Vraisemblablement écrit au premier siècle après JC, « Les métamorphoses » est une œuvre poétique monumentale en quinze chapitres racontant à partir des légendes poétiques grecques la naissance du monde jusqu’à l’avènement d’Auguste, l’empereur régnant à l’époque d’Ovide.

L’Œuvre se lit donc de manière chronologique avec un livre premier traitant de la naissance du monde enfanté depuis le chaos puis ordonné par les dieux.

Ovide décrit une dégénérescence depuis un âge d’or idyllique sans saison ni guerre à l’âge de fer marqué par la violence et la bassesse des sentiments que le déluge viendra nettoyer.

Les premières transformations sont évoquées toutes par l’intermédiaire de dieux changeant des mortels en animaux ou végétaux à la suite de colère, vengeances ou amour contrariés.

Ainsi Lycaon roi d’Arcadie est changé en loup par Jupiter pour avoir voulu lui faire manger de la chair humaine, Daphné changée en laurier par Apollon, la nymphe Io en génisse par Jupiter qui envoie Mercure éliminer le monstrueux Argus aux 100 yeux envoyé par Junon pour surveiller l’amante de son mari.

Bien que tué par Mercure, Argus eut au moins le mérite de voir ses yeux transférés sur le plumage du paon.

Puis vient la légende de Plaéthon, qui exerce un chantage auprès de son père le Soleil pour conduire son char et en perd le contrôle, provoquant une série de catastrophe qui oblige Jupiter à le foudroyer.

Cette tragédie familiale se solde dans le livre second qui voit également la nymphe Callisto élevée au rang de constellation par son amant Jupiter, des mortels changés en cygne, chouette par les caprices des dieux et enfin la belle Europe fille d’Agénor enlevée par Jupiter transformée en magnifique taureau blanc.

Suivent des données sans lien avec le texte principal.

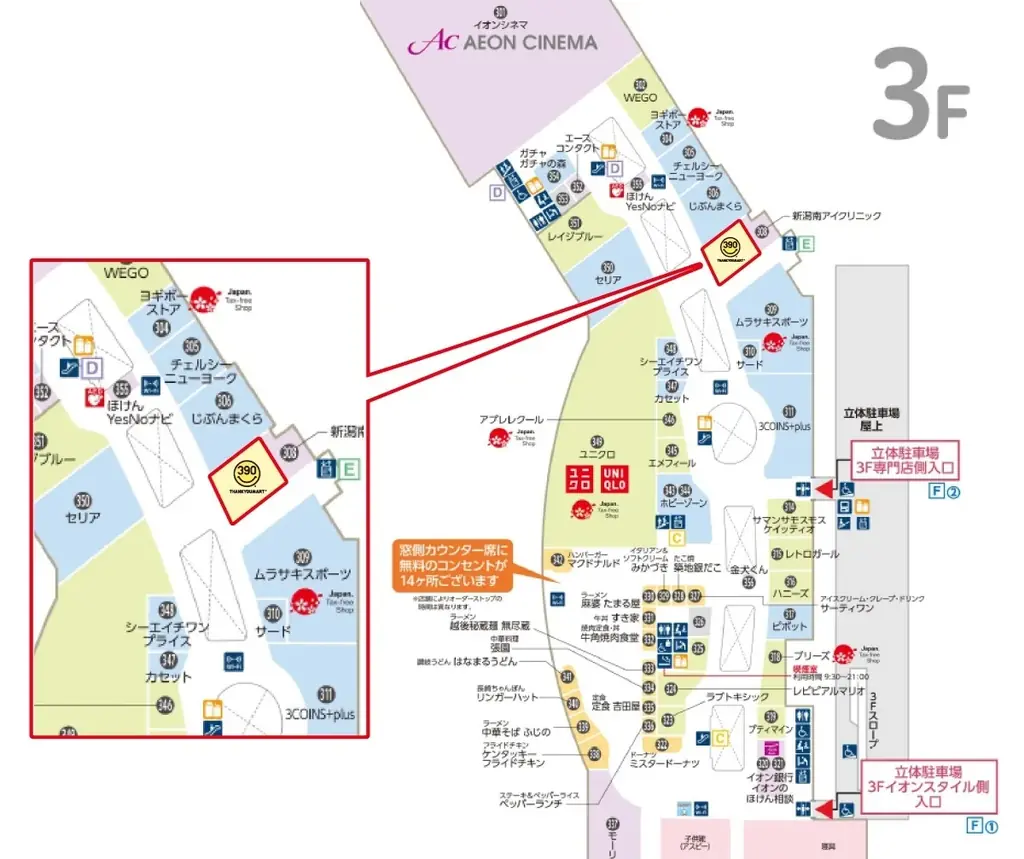 新潟亀田インター店は商業施設内に出店する常設店舗で、休日や平日のショッピングニーズに合わせて9:00から21:00まで営業します。施設の3階に位置するため、イオンモール内の導線を利用した来店が想定されます。

Le livre troisième fait une large part aux légendes fondatrices thébaines, avec les péripéties de Cadmus parti rechercher sa sœur Europe et qui après avoir terrassé un énorme serpent fonda à partir des dents du monstre la ville de Thèbes.

Puis vint la célèbre légende de Narcisse, splendide mortel aimé de la nymphe Echo qui n’aimant que son reflet est changé en fleur.

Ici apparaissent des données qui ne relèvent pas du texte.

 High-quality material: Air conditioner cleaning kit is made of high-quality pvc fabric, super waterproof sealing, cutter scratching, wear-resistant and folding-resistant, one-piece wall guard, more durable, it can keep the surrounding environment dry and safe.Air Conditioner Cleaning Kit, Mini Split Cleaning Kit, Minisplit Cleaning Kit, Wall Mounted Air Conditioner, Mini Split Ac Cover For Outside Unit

La jalouse Junon provoque la mort de la mortelle (Sémélé) dont s’est entichée son mari, ou la cécité de ceux qui la contredisent (le devin Tirésias) mais Bacchus est tout aussi impitoyables avec ceux qui refusent de l’adorer comme Penthée, mis en pièces par ses bacchantes ou les filles de Minyas changées en chauve souris dans le livre quatrième qui relate également le mythe de Hermaphrodite fusionné avec la nymphe aquatique Salmacis.
Après que Cadmus fut transformé par Junon en serpent avec sa femme, la dernière partie de ce livre introduit la légende du héros Persée, vainqueur de Méduse qui utilisa les pouvoirs pétrifiant de la tête de sa victime pour vaincre le géant Atlas et qui après avoir vaincu un effrayant monstre marin prêt à dévorer la fille de la reine d’Ethiopie Andromède, l’épousa mais dut dans le livre cinquième livrer une bataille acharnée contre son rival et ses amis.

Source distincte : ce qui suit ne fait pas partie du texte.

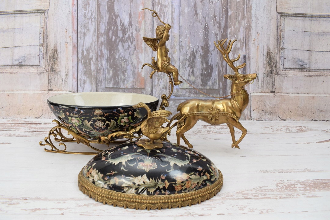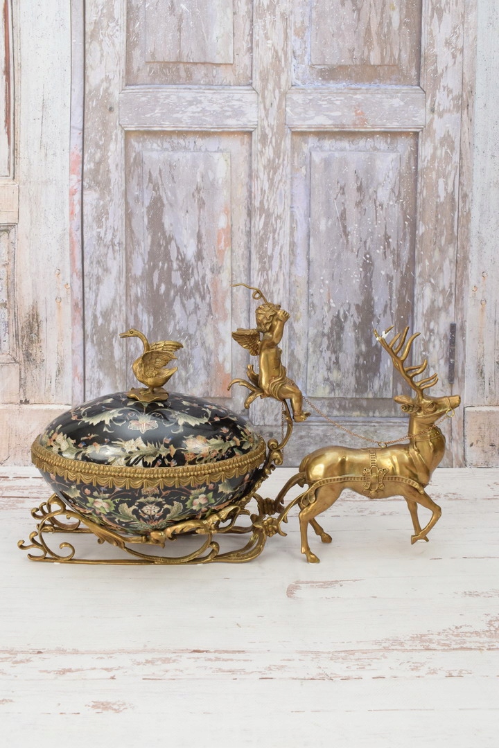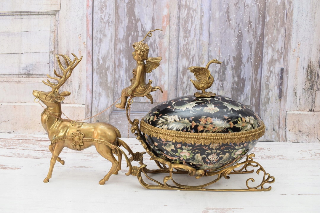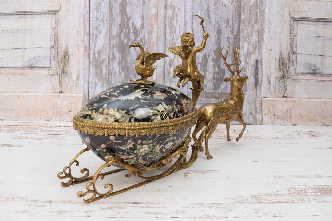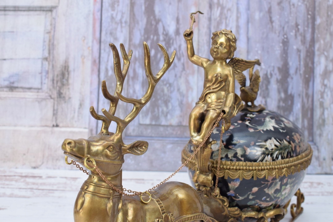 Чорна порцелянова коробка з санями - бронзова фігура оленя - Купідон на возі

On assiste ensuite au duel de chants entre les Muses et les Piérides qui rivalisent d’imagination pour conter des histoires plus merveilleuses les unes contre les autres comme la guerre entre dieux et géants ou l’enlèvement de Prospérine par Pluton qui conduira Cérès à intercéder pour que sa fille soit partagée entre six mois sur terre et six moisa au royaume des enfers avec son époux.

Les Muses sortent vainqueurs du duel et les Piérides sont changées en pies.

Dans le livre sixième, Arachné est changée en araignée après avoir osé défier Minerve au tissage, Niobé est changée en rocher pour ne pas avoir reconnu Latone puis le brutal roi de Thrace Térée est changé en hirondelle après avoir violenté Philomène la sœur de sa femme Procné.

Puis vient le tour de l’épopée de Jason et les argonautes qui grâce aux pouvoirs magique de la sorcière Médée parvient à dérober la toison d’or.

Devenu un personnage central du récit d’Ovide, Médée réalise de nombreuses transformations pour se venger de Jason qui l’a manipulé ou pour retenir ses amants voir éliminer ses amants (Pélias, Eson).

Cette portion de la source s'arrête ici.